Friday, January 27, 2017

The Reading List (2017, No. 4): Sergey Aleynikov is Back in the News

Non-Compete and Trade Secrets News for the week ended January 27, 2017


Illinois Restrictive Covenants

Judge Amy St. Eve is among the very best of the judges on the Northern District of Illinois. In The Carlson Group, Inc. v. Davenport, she denied a preliminary injunction motion brought against former key employees on the basis that they violated non-disclosure and non-solicitation covenants. The opinion is notable for its discussion of a temporally unlimited confidentiality clause with a very broad definition of "confidential information." Since the non-solicitation covenant was tied to customers about which the employees had "confidential information," the overbreadth concerns spilled over onto that covenant as well. As usual, her opinions are very clear and informative. A copy of the injunction ruling is available here.

Aleynikov Conviction Reinstated

Sergey Aleynikov, the ex-Goldman Sachs coder who inspired Michael Lewis' Flash Boys, has had his New York state-law conviction for theft of "secret scientific material" reinstated by the Appellate Division. Aleynikov's legal troubles have been chronicled at length here and elsewhere, but this is the latest sobering chapter in multi-pronged journey through the civil and criminal justice system. After a jury convicted Aleynikov in 2015 on state-law theft charges, a State Supreme Court Justice (in New York, that means a trial court judge) threw out the conviction for failure to prove the material elements of the crime.
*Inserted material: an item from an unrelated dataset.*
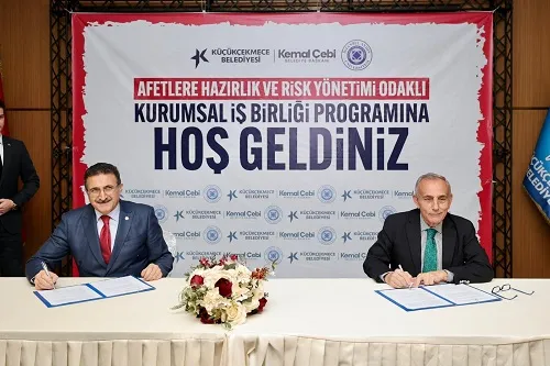 Belediye Binasında düzenlenen programın sonunda Küçükçekmece Belediye Başkanı Kemal Çebi ve İstanbul Aydın Üniversitesi Rektörü Prof. Dr. İbrahim Hakkı Aydın, ‘Afetlere Hazırlık ve Risk Yönetimi Odaklı Kurumsal İş Birliği’ Protokolünü imzaladı.

The details of the appellate court's reasoning are somewhat murky and technical - not at all interesting like the actual back-story of this litigation.

The reinstatement means Aleynikov goes back for sentencing. However, since he already has served one year on a federal charge, which later was overturned by the Second Circuit Court of Appeals, he'll get credit for one year of time served. The state-law theft conviction is a Class E felony, with a sentencing range of 1 to 4 years. This means Aleynikov may not face additional jail time. He shouldn't. No one - no matter what they say - even understands what he took. Aleynikov's counsel, Kevin Marino, vows an appeal.

On a related matter, Goldman and Aleynikov are fighting over whether he is entitled to indemnification for defense-related fees from the invalid federal criminal conviction. The Bloomberg story concerning that separate fight is chronicled here.

Customer Lists as Trade Secrets

A very commonly alleged trade secret, particularly in the employment context, is the customer list. However, customer lists come in many different shapes and sizes so it's hard to make blanket statements about what is and isn't legally protected. A federal district court in Texas addresses this question under Ohio's trade-secret statute. The decision is illustrative in showing what level of detail may be required to vest a customer list with trade-secret status. The customer list in KeyCorp v. Holland contained only names and contact information, and the court held that wasn't enough.


The Fairfield County Business Journal reports on a new non-compete suit brought by Sun Products and Henkel against a former Chief Technology Officer/Senior Vice-President for Research and Development, Carlos Linares. Judge Eginton signed a temporary restraining order that bars Linares from starting his new position at Church & Dwight. It appears that the parties are set to proceed to a preliminary injunction hearing on February 9. Of interest, one of the claims is brought under the Defend Trade Secrets Act and the Connecticut Uniform Trade Secrets Act. Connecticut courts have expressed a willingness to apply the "inevitable disclosure" doctrine, which is largely disfavored under the DTSA. Given that Linares appears to have a non-compete agreement, the potential divergence of the state and federal trade secrets act might not be a central point of contention in the case. But we shall see. A copy of the Amended Complaint is available here.

In a blog post by Tarter Krinksy & Drogin, the authors note that a New York appeals court decided a "Game-Changer on Enforcement of New York Non-Compete Agreements." The post discusses Buchanan Capital Markets, LLC v. DeLucca, 144 A.D.3d 508 (1st Dep't. 2016), and remarks on the case's comment that non-competes in New York are not enforceable unless the employer demonstrates a "continued willingness to employ the party covenanting not to compete." In reality, this case isn't much of a game-changer given the limited appellate analysis. It does remind us, however, that New York courts have issued many decisions that seem to create a per se rule against enforcement in a termination-without-cause scenario. Why a company would want to enforce in that circumstance, by the way, is beyond me.

South Florida's Daily Business Review reports on a case working its way through the Florida Court of Appeals, which concerns State Farm's efforts to protect as a trade secret certain information about where it's selling homeowners' policies. Insurers like State Farm often need to provide data about underwriting activities to state regulators. Depending on the state insurance codes' exemptions, such public disclosure of company-wide data can materially impact trade-secret claims. Insurers' obligations to disclose are similar to what we're starting to see in the fracking industry, which requires similar public disclosure of information but which also allows for certain narrow trade-secret exemptions. This will be an interesting case to watch when the Court of Appeals rules. The case is Office of Insurance Regulation v. State Farm Florida, No. 1D16-2301.